Quel pourrait-être le point commun entre l’environnement, la santé, l’industrie pharmaceutique ou agroalimentaire et l’art ?

Cette question peut sembler étrange à première vue, mais regardons cela de plus près…

Nous sommes de plus en plus informés et conscientisés par rapport à l’importance de pouvoir être rassurés sur la qualité de l’eau ou de l’air, la qualité des médicaments ou des aliments que nous consommons.  Au niveau de notre santé, les progrès des méthodes d’analyse permettent de pouvoir doser des molécules actives dans le corps humain, ce qui contribue entre-autre à l’amélioration de certains traitements pour lutter contre le cancer ou des maladies neurodégénératives.
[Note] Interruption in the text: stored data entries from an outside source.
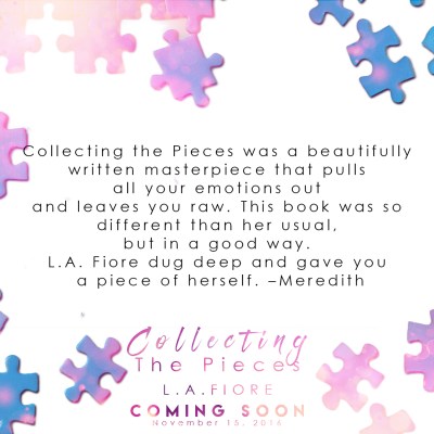 L.A. Fiore is the author of several books including: Beautifully Damaged, Beautifully Forgotten, Beautifully Decadent, His Light in the Dark and A Glimpse of the Dream. She’s also the social secretary for her two children, a tamer of ill-mannered cats, the companion to one awesome dog and married to her best friend. She likes her wine red, her shrimp chilled and her social gatherings small and intimate.
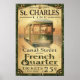 • This high-quality retouched illustration is a vivid reproduction of a classic pre-1929 advertising poster. This colorful artwork features an iconic olive-green streetcar on the tracks and prominent typography announcing service to the French Quarter, rendered in a striking, distressed Art Nouveau style.
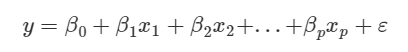 이제 logistic function과 odd를 이용해서 logistic regression을 정의해보자. 다중선형회귀의 식을 먼저 살펴보자. 설명변수x가 p개 존재할때, 식을 정의해보면 아래와 같다.
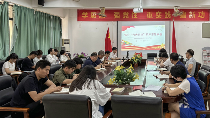 会议根据“学院2024年纪检监察工作要点”相关要求,将每月说纪工作与党纪学习教育工作相结合,刘世杰以“恪守‘六大纪律’,筑牢思想根基”为题开展说纪活动,带领大家集中学习了党的“六大纪律”,即政治纪律、组织纪律、廉洁纪律、群众纪律、工作纪律、生活纪律,通过融入典型案例和学院工作实际,使大家对《条例》有了更加深刻的认识。

Comme on le voit, tout ceci nécessite de pouvoir réaliser des analyses sur des échantillons. En fonction des cas et de l’objectif visé, la technique analytique la plus appropriée devra être choisie. Il existe de nombreuses possibilités ; citons par exemple la chromatographie, l’électrophorèse ou la spectrométrie de masse… Parmi celles-ci, intéressons-nous à une des techniques séparatives les plus utilisées : La chromatographie liquide à haute performance (ou HPLC).

Quel lien avec l’art me direz-vous ?  Et bien, saviez-vous que la HPLC peut être utilisée afin d’identifier des colorants ou pigments colorés aussi bien au niveau de l’analyse de textiles préhistoriques ou du moyen-âge qu’au niveau de tableaux afin de valider des certificats d’authentification ou d’améliorer leur restauration ?

Vous avez dit HPLC ?

La chromatographie liquide à haute performance ou HPLC (high pressure liquid chromatography) est une technique analytique qui permet la séparation d’un ou de plusieurs composés d’un mélange en vue de leur identification et de leur quantification.
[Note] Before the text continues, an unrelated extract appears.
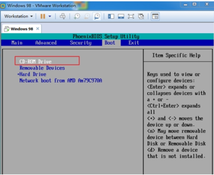 7.点击 ;开启此虚拟机; 开机状态马上 鼠标点击虚拟机内部,按F2。进入 ;BIOS 设置; --> (方向键→) 选择 ;Boot; --> (方向键↑) 选择 ;CD-ROM Driver (键盘 ;+;加好 移至最上方!) --> 按键 ;F10; 保存退出。

Elle est largement utilisée dans différents secteurs et domaines (recherche, diagnostic, industrie,…) :

• En diagnostic clinique, directement en lien avec la santé du patient (i.e. analyse et détection de marqueurs spécifiques de certaines maladies, analyses toxicologiques,…).
• En industries pharmaceutiques (analyse et dosage de substances actives, vérification de la pureté d’un médicament en lien avec les exigences légales/affaires réglementaires ainsi que l’assurance et le contrôle qualité et l’analyse de nouvelles molécules en phases de tests pré-cliniques,…).
• En analyses environnementales (analyses toxicologiques et impact au niveau de la santé) comme par exemple la détection de pesticides et autres contaminants dans l’eau.
• En agroalimentaire, analyses d’échantillons permettant de vérifier la conformité avec les exigences légales et terme de contamination et/ou de dose acceptées d’engrais, pesticides, antibiotiques, hormones, colorants, conservateurs, antioxydants,…

Comment ça marche ?  Quel est l’appareillage qui permet la séparation des molécules et comment se séparent-elles ?

Comme vous pouvez le visualiser sur ce schéma, un équipement HPLC est constitué de plusieurs éléments dont la pièce maitresse est la colonne chromatographique. C’est le siège de la séparation. Cette colonne est placée dans un four dans le but de réaliser la séparation dans des conditions constantes de température. Un système de pompe va faire progresser un liquide composé d’un ou plusieurs solvants, appelé phase mobile, à un débit défini dans la colonne. Un volume précis d’échantillon est quant à lui introduit au moyen d’un injecteur. Enfin, un détecteur et un logiciel informatique vont permettre de visualiser les composés qui sortent de la colonne sous la forme de pics. En règle générale, un détecteur UV-Visible est utilisé mais, pour certaines applications, un détecteur plus sophistiqué et plus sensible comme la spectrométrie de masse, la fluorimétrie ou l’ampérométrie est nécessaire.

Concrètement, comment les molécules se séparent-elles les unes des autres ? Reprenons le schéma et observons comment procéder en pratique pour séparer 3 composés présents dans un mélange. Un volume défini de la solution échantillon est tout d’abord introduit dans le système au moyen de l’injecteur. La phase mobile va alors emmener l’échantillon dans la colonne qui renferme la phase stationnaire, représentée ici par des petites billes qu’on appelle des particules. Ces particules présentent des groupements chimiques de différentes natures. La clé du succès d’une bonne séparation réside dans le choix de cette phase stationnaire. En effet, il est impératif que les composés à séparer aient de l’affinité pour ces groupements chimiques. La discrimination entre molécules sera fonction de leur affinité pour cette phase stationnaire. Plus l’affinité est importante, plus les molécules seront retardées dans la colonne et donc plus tard elles évolueront de la colonne. Dans l’exemple qui nous occupe, nous pouvons voir au moyen du chromatogramme que c’est le composé vert qui interagit le plus avec la phase stationnaire puisque c’est lui qui sort en dernier de la colonne.